The HTTP POST requests sent to your webhook URL have several headers, including the custom InPlayer signature header. You will use this signature to validate the event concerned, as described in the validating events section.

Header	Value
X-InPlayer-Signature	The signature is created by hashing your secret key together with the request payload, using the sha256 algorithm
Content-Type	application/x-www-form-urlencoded

Another header we send in the POST requests is Content-Type: application/x-www-form-urlencoded which indicates the media type of the resource that we send to your server. The keys and values are encoded in key-value tuples separated by '&', with an '=' between the key and the value. The non-alphanumeric characters in both keys and values are percent encoded. Here is an example request:

POST / HTTP/1.1

Host: foo.com

User-Agent: InPlayer/WHS-2.0

Content-Length: 460

Cache-Control: no-cache

Content-Type: application/x-www-form-urlencoded

X-Inplayer-Signature: sha256=93d44e3e8bddac4e1a4acd5e76108cfe564b62a29cf0224867c92204adae5147

created=15475835&id=2333&resource%5Bfoo%5D=bar&type=payment.success

Payload data

The Payload data holds all the relevant information regarding the event concerned, in the following structure:

Data	Description
id	Unique alpha-numeric string that is generated for each sent event
created	Unix timestamp of the event
type	The type of event
resource	Array of all the information connected to the resource/operation that you receive for each event

Events

When configuring webhooks, you can choose one or several events that you would like to receive payloads for. The following section offers more details about each webhook and event in our Platform.

Account Webhooks

Account webhooks are fired to notify you of events that occur whenever an operation concerning our Accounts Service is taking place. Usually, they are used to inform the merchant of the most important actions their customers had performed using their accounts.

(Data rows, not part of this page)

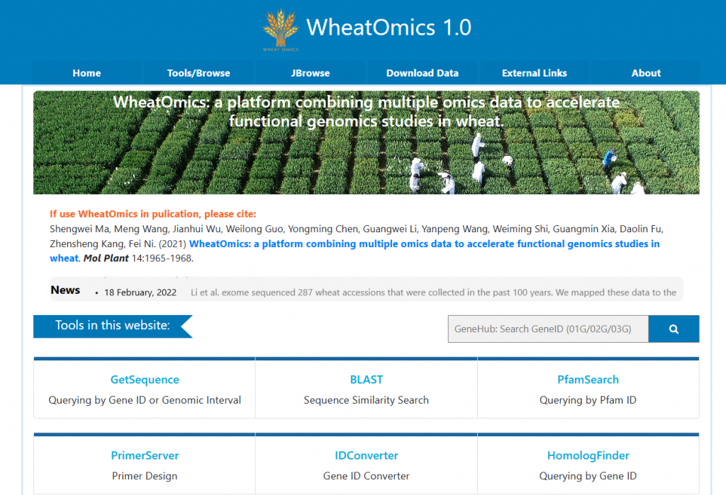 ☆?小麥基因組信息數(shù)據(jù)庫(kù):由國(guó)際小麥基因組測(cè)序聯(lián)盟維護(hù)(IWGSC),可查找參考基因組序列、基因,BLAST,批量注釋等多個(gè)功能,可幫助科研工作者加速開發(fā)改良品種,為小麥基礎(chǔ)應(yīng)用科學(xué)提供支持。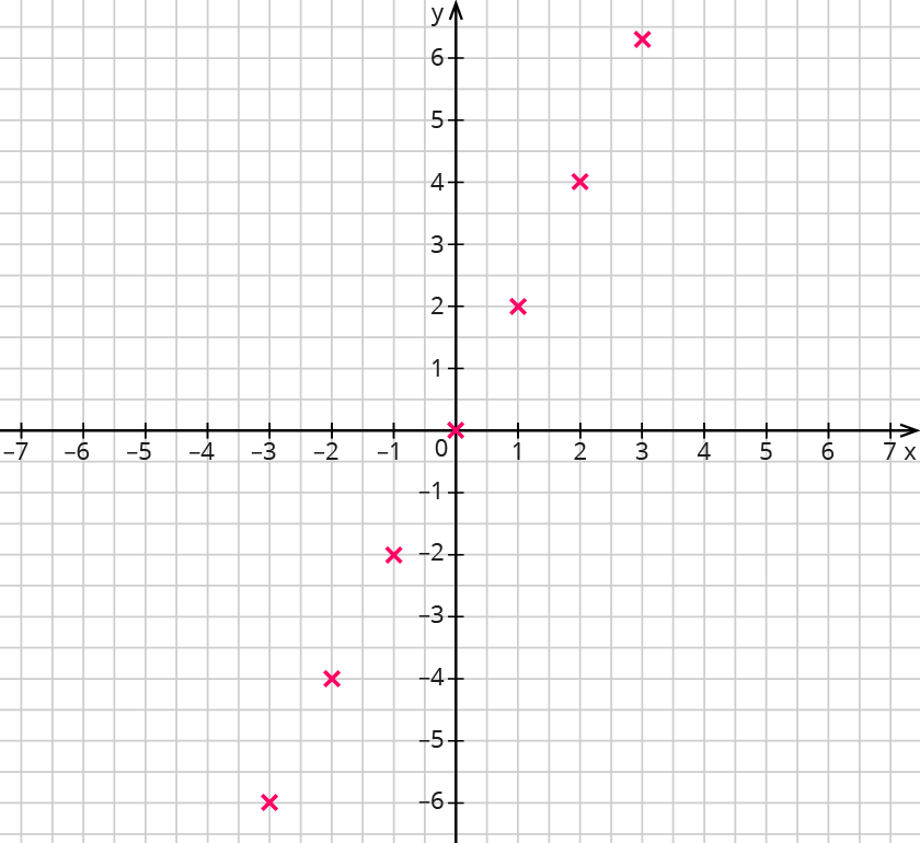 Wähle hier $$- 3, - 2, - 1, 0, 1, 2, 3$$ als x-Werte.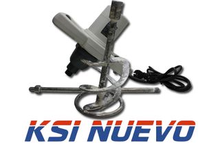 Batidora para mezclar cemento y otros materiales de construcción. Cuenta con un motor eléctrico y un eje mezclador en espiral. - Eje mezclador en espiral. - Mango ergonómico.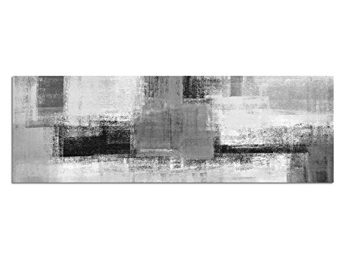 Tela da parete, panorama, stampa su telaio, nero/bianco, 150 x 50 cm, dipinto astratto, grigio/ giallo/ bianco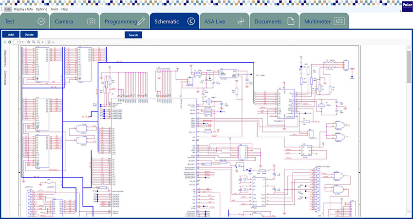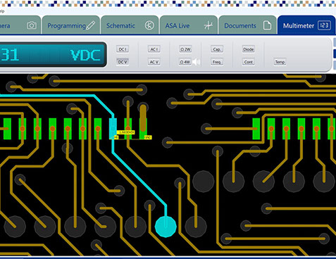 The GRS200 System comprises of Analog-Signatur-Hardware and powerful software providing LIVE-Signature Analysis, Program-Mode, CAD-Data-Viewer, Schematic Diagrams, PCB images, Repair Reports, and an optional Digital-Multimeter Interface.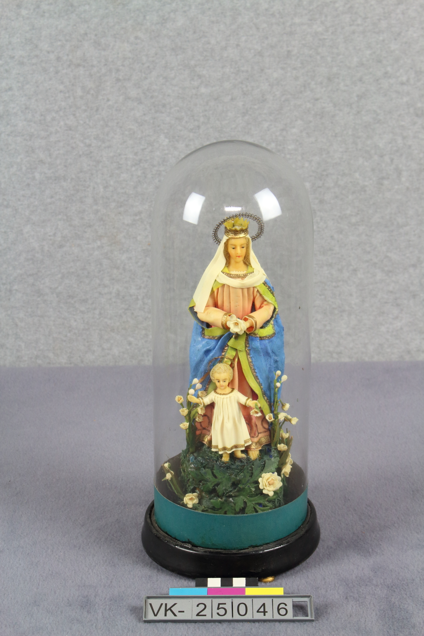 Glassturz mit schwarzem Holzsockel mit kleinen goldfarbenen Füßen, darin eine Wachsfigur aus dünnen Wachsplatten in mehreren Farben auf einem Sockel: Maria mit Jesuskind. Am Fuß des Glases ist grünes Textilklebeband verklebt.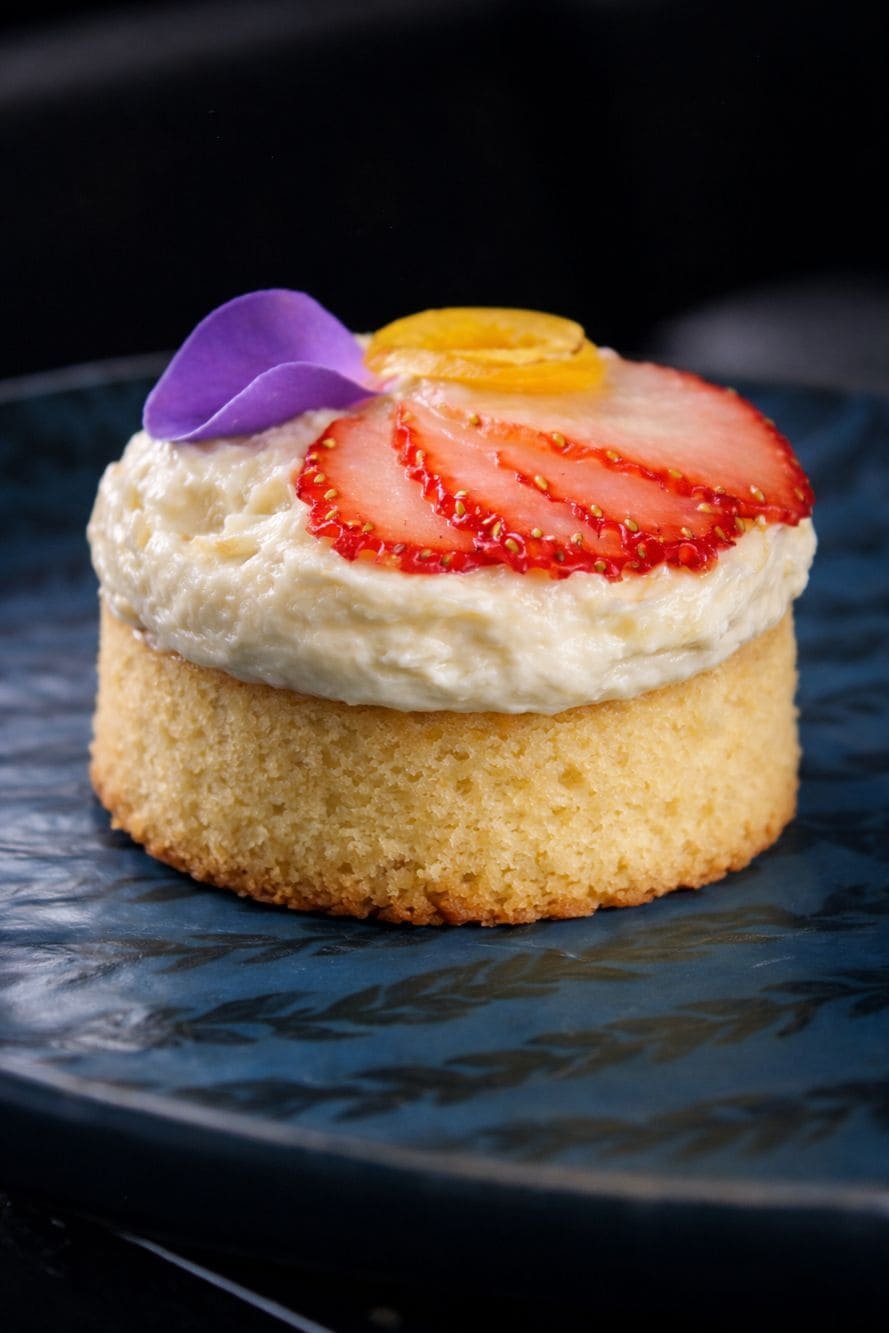 - Jardín qori: Bizcocho suave y ligero con aire de fruta fresca, terminado a mano con frutas de temporada y flores comestibles. Cada pieza es única, fresca y naturalmente equilibrada en dulzor.

Below you can find an illustration of the account webhooks within our platform.

customer.registered

Webhook Type	Description
customer.registered	Fired to notify you that a new customer is registered

Example Payload Data:

created=1547543325

id="6c9fb170-e0b8-4559-b442-0c986f6354b8"

resource[active]=false

resource[completed]=true

resource[created_at]=1547543324

resource[email]="customer@inplayer.com"

resource[full_name]="Customer Name"

resource[date_of_birth]=1547543324

resource[id]=29237

resource[merchant_id]=68

resource[merchant_uuid]="c6f4002f-7415-4eb6-ab03-72b0f7aff0e8"

resource[referrer]="https://event.inplayer.com/staging?asset=43861"

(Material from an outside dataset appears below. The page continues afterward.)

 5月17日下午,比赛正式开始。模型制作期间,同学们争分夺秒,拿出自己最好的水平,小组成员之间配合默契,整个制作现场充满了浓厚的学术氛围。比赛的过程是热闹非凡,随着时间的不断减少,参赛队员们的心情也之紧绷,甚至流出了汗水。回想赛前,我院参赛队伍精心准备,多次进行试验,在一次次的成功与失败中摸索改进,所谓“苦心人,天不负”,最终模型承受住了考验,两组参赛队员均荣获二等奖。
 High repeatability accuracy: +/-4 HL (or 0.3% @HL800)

resource[updated_at]=1547543324

resource[username]="customer@inplayer.com"

resource[uuid]="5948829d-15da-426b-ab91-6cc586953de2"

type="customer.registered"

customer.updated

Webhook Type	Description
customer.updated	Fired to notify you that data regarding an existing customer of yours have been updated

Example Payload Data:

created=1547543325

id="6c9fb170-e0b8-4559-b442-0c986f6354b8"

resource[active]=false

resource[completed]=true

resource[created_at]=1547543324

resource[email]="customer@inplayer.com"

resource[full_name]="Customer Name"

resource[date_of_birth]=1547543324

resource[id]=29237

resource[merchant_id]=68

resource[merchant_uuid]="c6f4002f-7415-4eb6-ab03-72b0f7aff0e8"

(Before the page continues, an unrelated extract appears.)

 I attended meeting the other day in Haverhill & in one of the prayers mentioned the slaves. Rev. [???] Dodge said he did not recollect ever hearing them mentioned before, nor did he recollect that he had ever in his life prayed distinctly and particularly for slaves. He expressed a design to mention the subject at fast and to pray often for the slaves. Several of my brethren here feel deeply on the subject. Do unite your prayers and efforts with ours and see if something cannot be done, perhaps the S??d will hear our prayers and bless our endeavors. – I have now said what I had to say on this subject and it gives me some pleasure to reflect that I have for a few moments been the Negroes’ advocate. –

resource[referrer]="https://event.inplayer.com/staging?asset=43861"

resource[updated_at]=1547543324

resource[username]="customer@inplayer.com"

resource[uuid]="5948829d-15da-426b-ab91-6cc586953de2"

type="customer.updated"

customer.password.updated

Webhook Type	Description
customer.password.updated	Fired to notify that a customer of yours has updated their password

Example Payload Data:

created=1547543325

id="6c9fb170-e0b8-4559-b442-0c986f6354z9"

resource[merchant_id]=68

resource[customer_id]=73

resource[email]=example@email.com

resource[timestamp]=1551455675

type=customer.password.updated

Access Webhooks

The access webhooks are fired to notify you of events that occur whenever an operation concerning the Asset Access is taking place.

access.granted

Type	Description
asset.access.granted	Fired to notify you that a customer has been granted access to your asset

Example Payload Data:

created=1547556321

id="cdcbec0c-06b7-40ed-aefb-9da08c43ba92"

resource[access_fee_id]=5146

resource[consumer_email]="customer@inplayer.com"

resource[consumer_id]=29238

resource[created_at]=1547556321

resource[date]="2019-01-15T12:45:21Z"

resource[expires_at]=1547642721

resource[extended]=0

resource[is_trial]=false

resource[item_access_id]=47487

resource[item_id]=43861

resource[item_title]="Sample Title"

resource[merchant_id]=68

resource[original_expires_at]=1547642721

resource[parent_resource_id]="C-m8StiUz3XBZnDRPORWwqIkTfF-ST"

resource[payment_method]="Card"

resource[payment_tool]="Visa+1111"

resource[purchased_access_fee_description]="sample price description"

resource[purchased_access_fee_id]=5146

resource[purchased_access_fee_type]="ppv"

resource[purchased_amount]=3

resource[purchased_currency_iso]="EUR"

resource[voucher_code]="F00B4R!@"

resource[revoked]=false

resource[starts_at]=1545231639

resource[type]="purchased"

type="asset.access.granted"

access.revoked

Type	Description
asset.access.revoked	Fired to notify you when a customer's access to your asset has been revoked

Example Payload Data:

id="WHE-tyW8QjyCAYeQDOG0"

created=1559913102

version=2.4.2

resource[type]="revoked"

resource[merchant_id]=68

resource[consumer_id]=73

resource[consumer_email]="example@email.com"

resource[item_id]=49306

resource[item_title]="For+Paywall+03"

resource[item_access_id]=85950

resource[voucher_code]="F00B4R!@"

resource[created_at]=1559913101

resource[date]="2019-06-07T13:11:41+0000"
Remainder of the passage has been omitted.